→ **Required action**:
Please write out the full listing beneath this line exactly, skipping its images.

→ **Exercise inputs**:

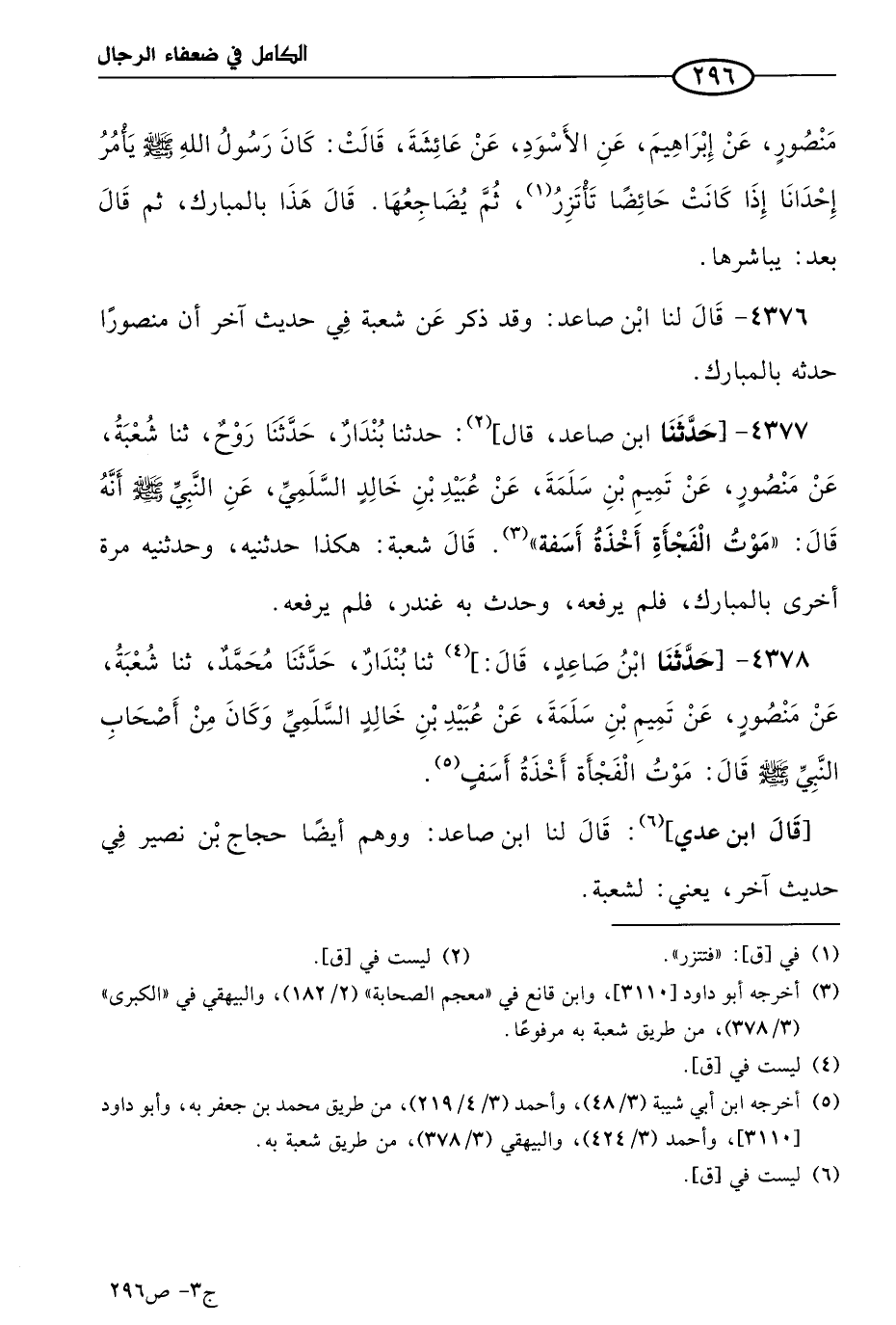4377 - حدثنا ابن صاعد، قال: حَدثنا بُنْدَار، حَدثنا روح، حَدثنا شُعبَة، عن منصور، عن تميم بن سلمة، عن عُبيد بن خالد السلمي، عن النبي صَلى الله عَليه وسلم، أنه قال: موت الفجأة أخذة أسفة.
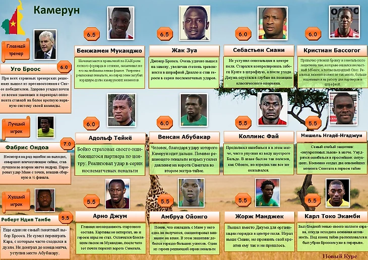 Садьо Мане блестяще отыграл весь турнир. Был он лучшим и во вчерашней встрече. Но именно его удар с одиннадцатиметровой отметки, отражённый Фабрисом Ондоа, стал решающим в серии и похоронил шансы «львов Теранги» на выход в полуфинал.
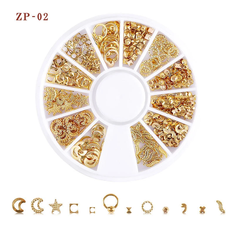 12 стилей ногтей колеса розовое золото/серебро/золото 3D Гвозди заклепки металлические звезды смешанные узоры плоская задняя металлическая отделка ногтей
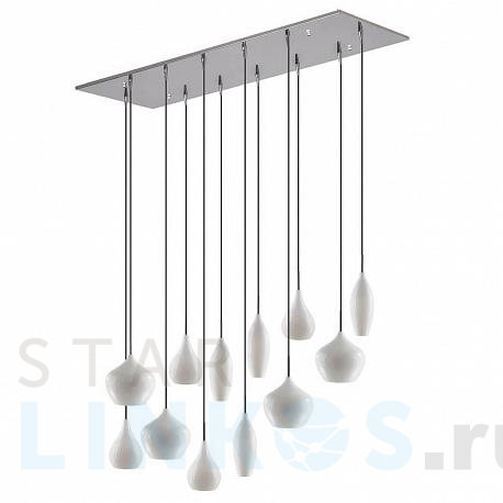 Поставщик рекомендует использовать лампы накаливания с цоколем E14 для освещения площади 26,7 м2. Подвесная люстра Lightstar Pentola 803120 в стиле арт-деко используется в интерьере гостиной с установкой на потолок.
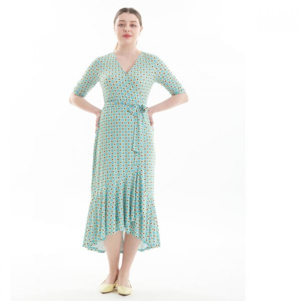 The Lipbam Creora Vivienne Frill Wrap Dress features a feminine frill detail and 3/4 sleeve design. This wrap-style dress adds elegance and is suitable for various occasions. It is perfect for those seeking comfort along with stylishness.
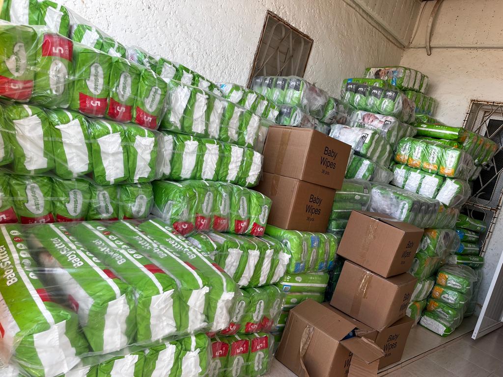Pañales que una organización donó tan generosamente para nuestras mamás necesitadas del sur.
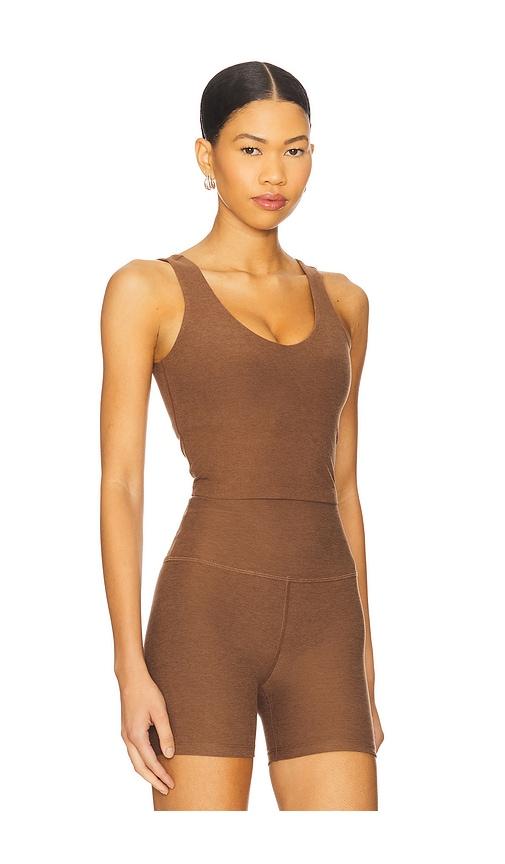 BEYOND YOGA SPACEDYE GOOD DAY CROPPED TANK TOP IN CHOCOLATE.

→ **Final answer**:
4377 - حدثنا ابن صاعد، قال: حَدثنا بُنْدَار، حَدثنا روح، حَدثنا شُعبَة، عن منصور، عن تميم بن سلمة، عن عُبيد بن خالد السلمي، عن النبي صَلى الله عَليه وسلم، أنه قال: موت الفجأة أخذة أسفة.
 Садьо Мане блестяще отыграл весь турнир. Был он лучшим и во вчерашней встрече. Но именно его удар с одиннадцатиметровой отметки, отражённый Фабрисом Ондоа, стал решающим в серии и похоронил шансы «львов Теранги» на выход в полуфинал.
 12 стилей ногтей колеса розовое золото/серебро/золото 3D Гвозди заклепки металлические звезды смешанные узоры плоская задняя металлическая отделка ногтей
 Поставщик рекомендует использовать лампы накаливания с цоколем E14 для освещения площади 26,7 м2. Подвесная люстра Lightstar Pentola 803120 в стиле арт-деко используется в интерьере гостиной с установкой на потолок.
 The Lipbam Creora Vivienne Frill Wrap Dress features a feminine frill detail and 3/4 sleeve design. This wrap-style dress adds elegance and is suitable for various occasions. It is perfect for those seeking comfort along with stylishness.
Pañales que una organización donó tan generosamente para nuestras mamás necesitadas del sur.
 BEYOND YOGA SPACEDYE GOOD DAY CROPPED TANK TOP IN CHOCOLATE.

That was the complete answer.